やはり紳士の考える事は、計り知れないな。
「ロバート殿。私で良ければいくらでも力になりましょう」
「何と言う頼もしい言葉! ありがとうございます、今日はルドルフ殿に会えて、本当に良かった。」
私も、あなたのような本物の紳士に出会えて嬉しく思う。
「いえいえ、こちこそロバート殿に喜んで頂けて何よりです」
御柱様への供物を、せっせと作り出してくれるのだからな、フハハハ。
「ルドルフ殿、今後何かあれば是非私を頼って下さいませ。このロバート=オオクラ=トヨトミ、出来る事なら何でも致しましょう!!」
おやおや、そんな事を気軽に言ってはいけませんよ?
財務を担当する上級貴族なのだから、私のような悪徳領主に言質を取られては、何を要求されるか分からないですよ?

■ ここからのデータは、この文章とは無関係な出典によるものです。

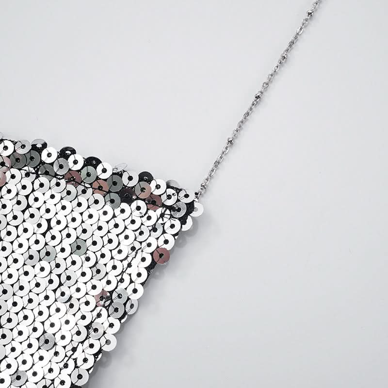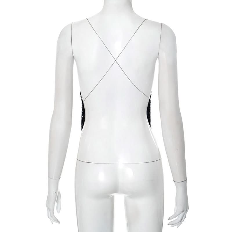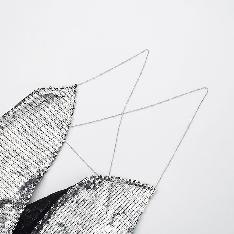 Glitter metal chain cross back cowl neck cami top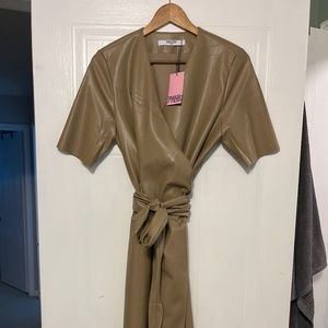 MARGOT VEGAN LEATHER MIDI DRESS IN TAUPE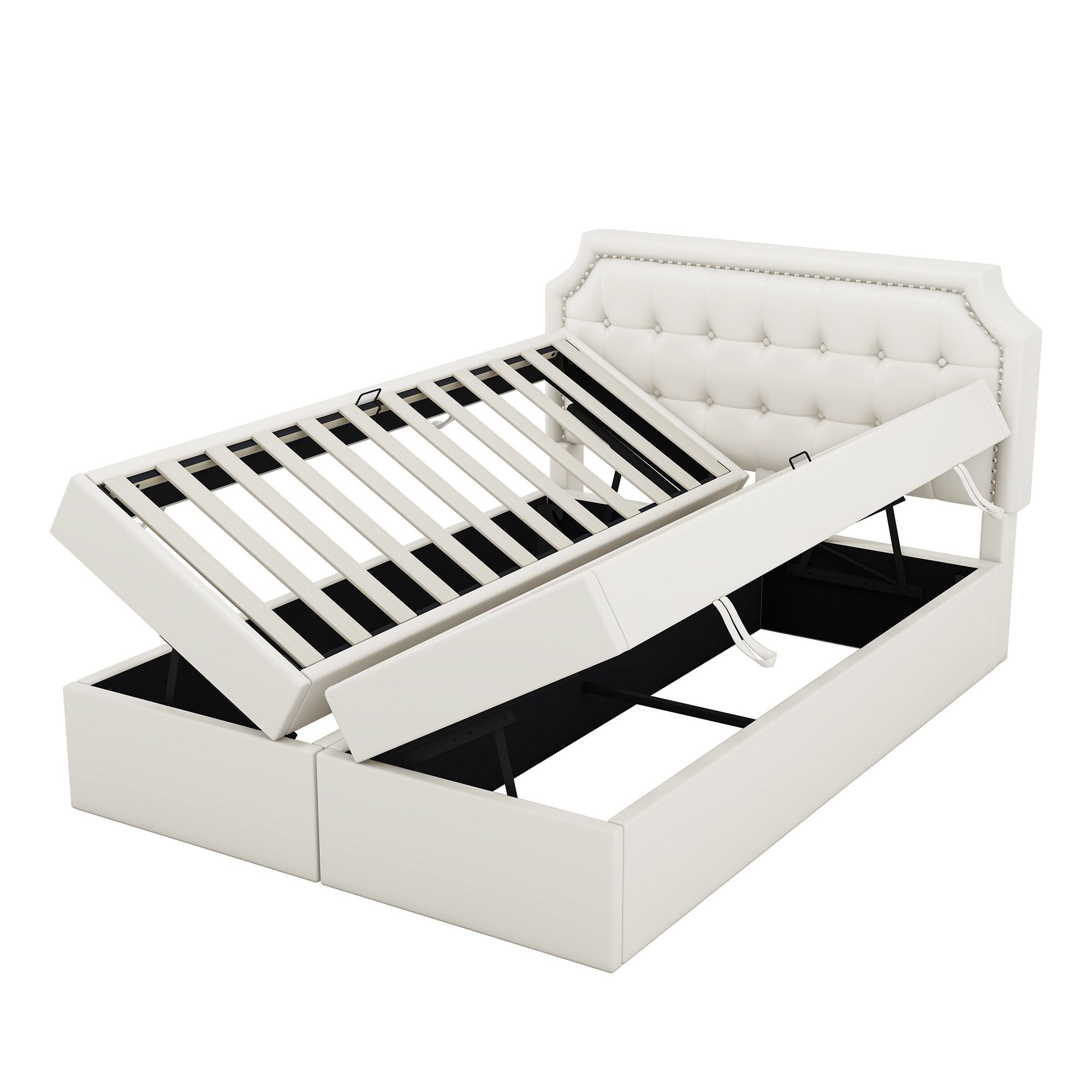 Stauraum-Merkmale: Das Queensize-Bett bietet viel Stauraum für Decken, Kissen oder Bettwäsche unter dem klappbaren Lattenrost, der mit Hilfe von Hebezylindern einfach hochgeklappt werden kann.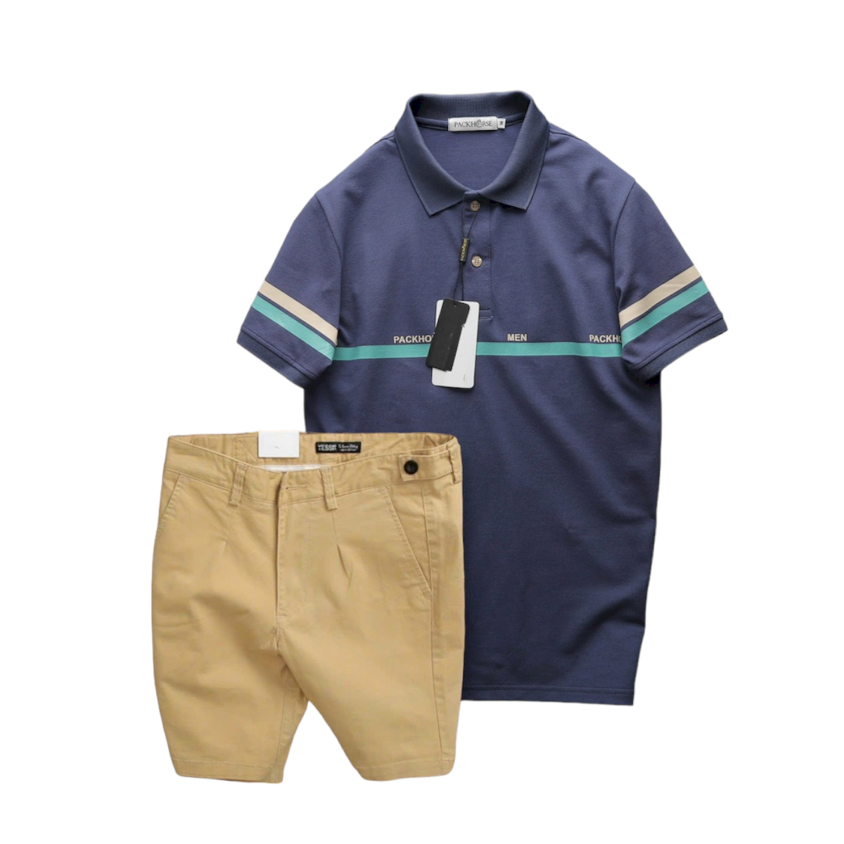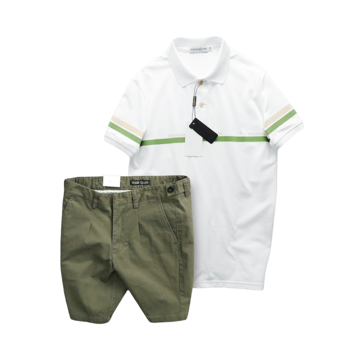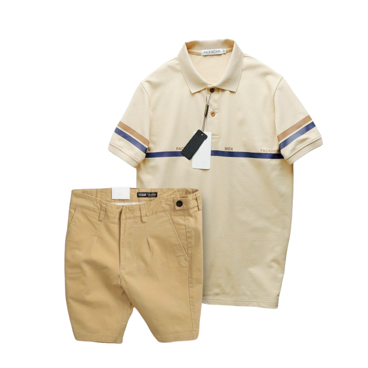 Set Bộ Nam Áo Polo Cổ Bẻ Viền Hai Sọc Quần Short Kaki Cúc Đen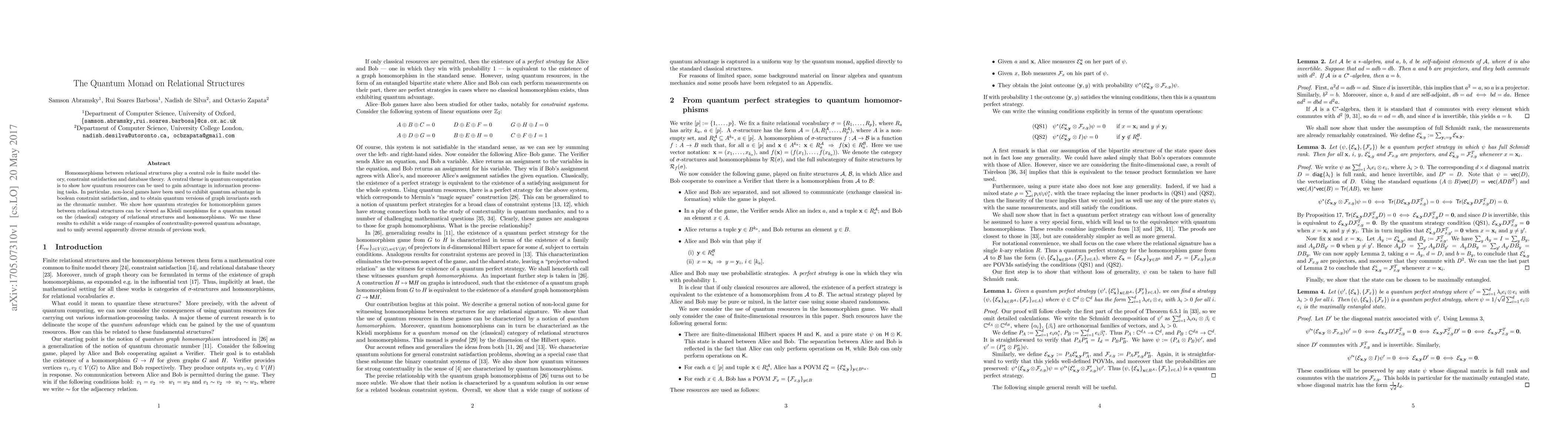 This paper explores how quantum strategies for homomorphism games between relational structures can be framed as Kleisli morphisms for a quantum monad, revealing a connection to state-independent quantum contextuality and demonstrating quantum advantage in various information processing tasks.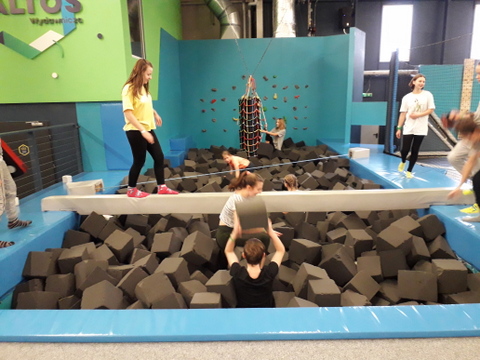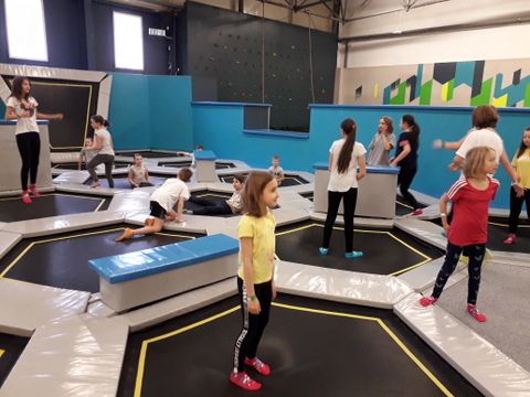Ta coraz bardziej popularna forma aktywności fizycznej dostarczyła uczestnikom wycieczki wielu niezapomnianych wrażeń. Po profesjonalnej rozgrzewce pod okiem instruktora, zapoznaniu z zasadami BHP oraz przedstawieniu walorów rekreacyjnych trampolin, uczestnicy wycieczki korzystali z szeregu atrakcji, m.in. ścieżek akrobatycznych, koszy do wsadów, trampolin sportowych oraz basenów wypełnionych gąbkami. Mogli z różną intensywnością bawić się oraz rywalizować między sobą.

まあ、これもロバート殿の勉強だと思い、今回は彼の言葉に甘える事にしよう。
クククッ、彼の出来る事がどれ程の利益を生むか、中々楽しみである。
「心に留め置いておきます。……さて、話がまとまったところで一杯いかがですか?」
「是非、頂きます」
細かい話はさておき、ヨーゼフを呼んでワインを開ける。
はてさて、今回の商品の対価に何を要求しようか。
財務を担当しているのだから、ファーゼスト領が王国に納める税金でも誤魔化してもらうかな。
いくら払っているか知らないが、私が稼ぐ金は莫大だ。
それなりの金額を納めているはずなので、今回はかなりの利益が見込める。
クククッ、それにしても王都の貴族というのは、業の深い者が多いようだ。
あんな少女に何をするのか。
おまけに母親も一緒になど、身の毛もよだつ所業だ。
年端も行かない少女が受ける絶望と、その母親が受ける絶望はどれ程の物になるだろう。
彼女らの行く末を思うと笑いが込み上げてくる。
クックックッ、フハハハハ、アーハッハッハッハ!
せいぜい苦しんで、御柱様の贄となるがいい。
フフフ、フハハハハハハハ!!
ファーゼストの夜は暗いが、王都の闇は、なお昏いらしい。